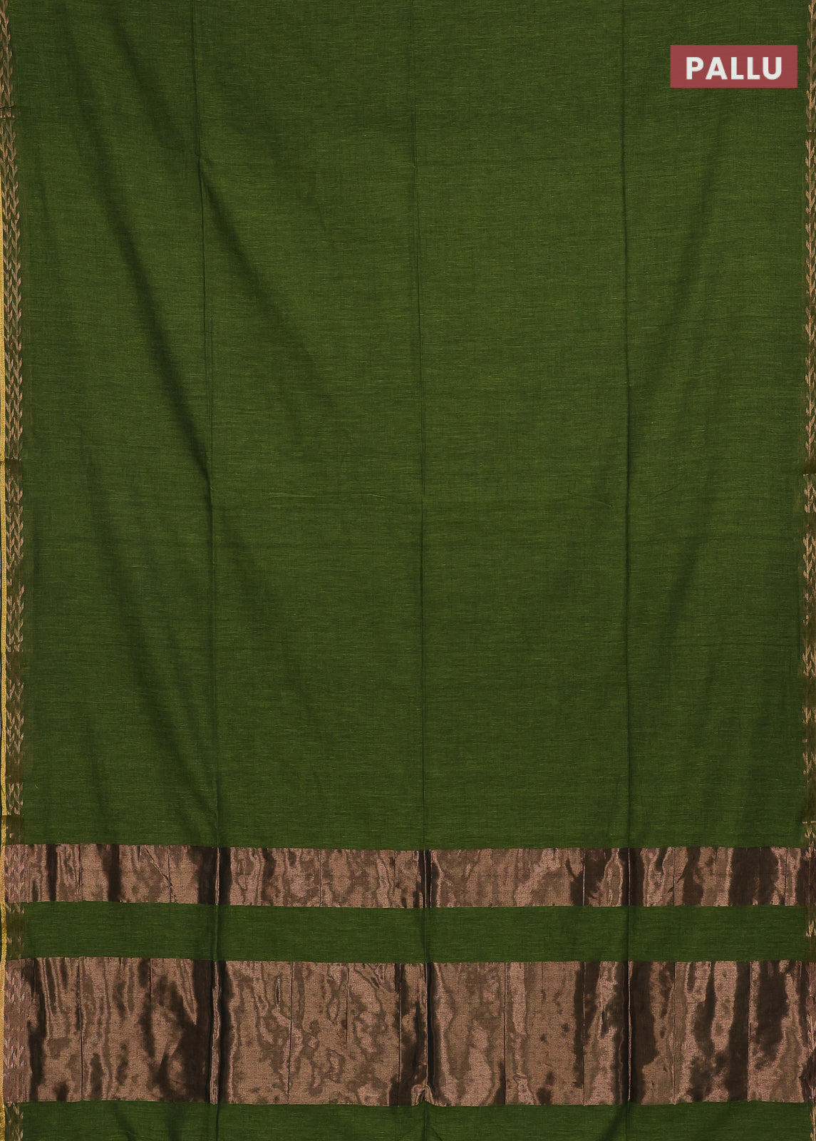 Bengal soft cotton saree sap green and violet with plain body and zari woven border
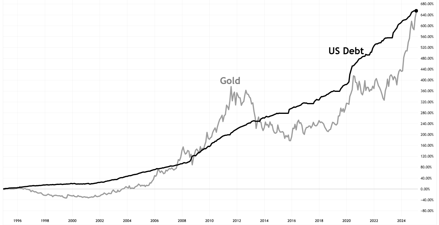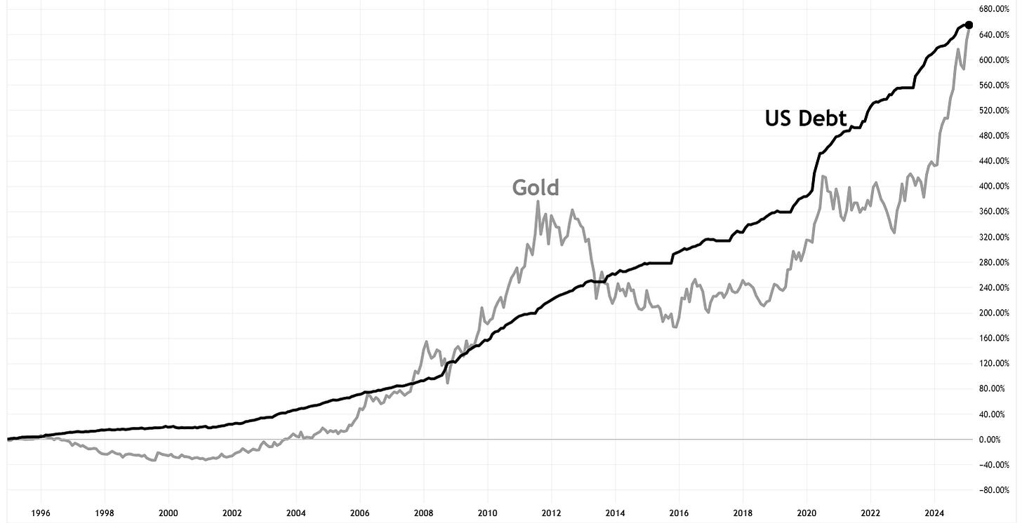 “To prove this point, consider the following figure. The dark line represents the growth of US government debt since 1995. Debt has grown from $4.6 trillion to $36 trillion, a cumulative increase of about 650 percent. The gray line shows the price of gold in US dollars over that same time frame. Gold has increased from roughly $400 to $2,800 per ounce, rising in tandem with the growth of government debt.”3
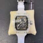 2: The upper and lower literal shock absorbers replace the original red shock absorbers with specially imported white shock absorbers from Switzerland. 3: All series using the original synchronous mold buckle (ming in the market with the same product) 4: The real mouth material of the oak table theory is that the more the feel is added. the Logo part has been 100% the same as the original. 5: Thanks to the density and hardness of the carbon indent material. the RM35-01 all upgraded watches are 100% waterproof.
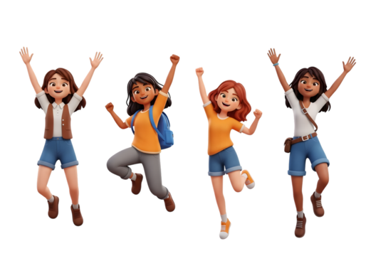 Four diverse cartoon girls in casual summer clothes jumping with joy isolated on a transparent background
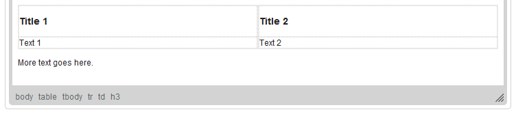 The figure below shows the editing area of Text Editor after inserting the template called "Strange Template" that defines a two-column-layout with headings and a text placeholder. Since the Replace actual contents option was selected, the template replaced the text that was previously entered into the editing area.
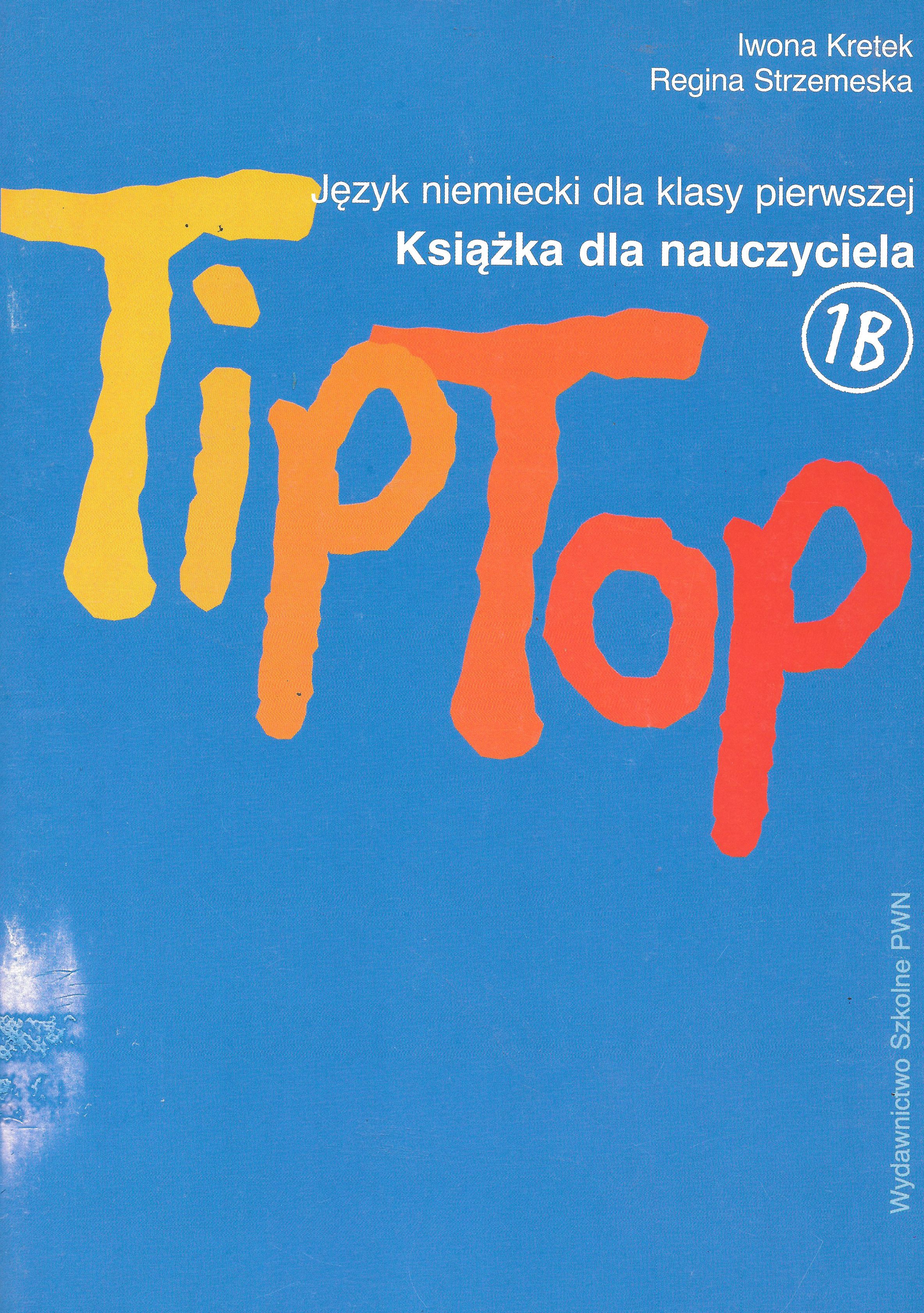 Tip Top 1B : język niemiecki dla klasy pierwszej : książka dla nauczyciela / Iwona Kretek, Regina Strzemeska. - Warszawa : Wydaw. Szkolne PWN, 2004. - 91, [1] s., [24] k. tabl. kolor. luz., [3] k. tabl. kolor. złoż. luz. : il., rys., tab. ; 29 cm.
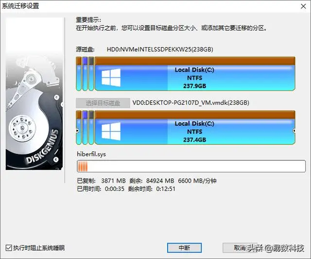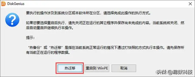 这里选择"热迁移"。DiskGenius提供两种系统迁移方式,即"热迁移"和"重启到WinPE",这里推荐选择热迁移。对系统进行热迁移,在系统正常运行的情况下就可以完成操作,并且无须关闭其他正在运行的软件等,非常方便。
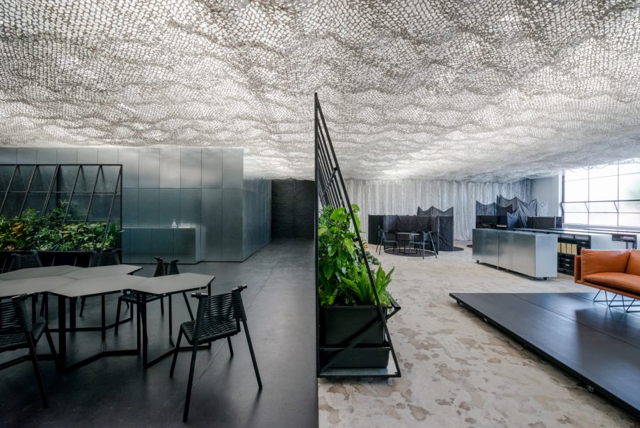 Partisi berupa garden wall dan screen warna perak yang dapat dipindah ini menjadi elemen krusial untuk mengofigurasi interior ruangan.
|---|
* [Work to complete]
Return an exact transcription of the material, with its pictures left out.

* [Response to this task]
 Bengal soft cotton saree sap green and violet with plain body and zari woven border
 “To prove this point, consider the following figure. The dark line represents the growth of US government debt since 1995. Debt has grown from $4.6 trillion to $36 trillion, a cumulative increase of about 650 percent. The gray line shows the price of gold in US dollars over that same time frame. Gold has increased from roughly $400 to $2,800 per ounce, rising in tandem with the growth of government debt.”3
 2: The upper and lower literal shock absorbers replace the original red shock absorbers with specially imported white shock absorbers from Switzerland. 3: All series using the original synchronous mold buckle (ming in the market with the same product) 4: The real mouth material of the oak table theory is that the more the feel is added. the Logo part has been 100% the same as the original. 5: Thanks to the density and hardness of the carbon indent material. the RM35-01 all upgraded watches are 100% waterproof.
 Four diverse cartoon girls in casual summer clothes jumping with joy isolated on a transparent background
 The figure below shows the editing area of Text Editor after inserting the template called "Strange Template" that defines a two-column-layout with headings and a text placeholder. Since the Replace actual contents option was selected, the template replaced the text that was previously entered into the editing area.
 Tip Top 1B : język niemiecki dla klasy pierwszej : książka dla nauczyciela / Iwona Kretek, Regina Strzemeska. - Warszawa : Wydaw. Szkolne PWN, 2004. - 91, [1] s., [24] k. tabl. kolor. luz., [3] k. tabl. kolor. złoż. luz. : il., rys., tab. ; 29 cm.
 这里选择"热迁移"。DiskGenius提供两种系统迁移方式,即"热迁移"和"重启到WinPE",这里推荐选择热迁移。对系统进行热迁移,在系统正常运行的情况下就可以完成操作,并且无须关闭其他正在运行的软件等,非常方便。
 Partisi berupa garden wall dan screen warna perak yang dapat dipindah ini menjadi elemen krusial untuk mengofigurasi interior ruangan.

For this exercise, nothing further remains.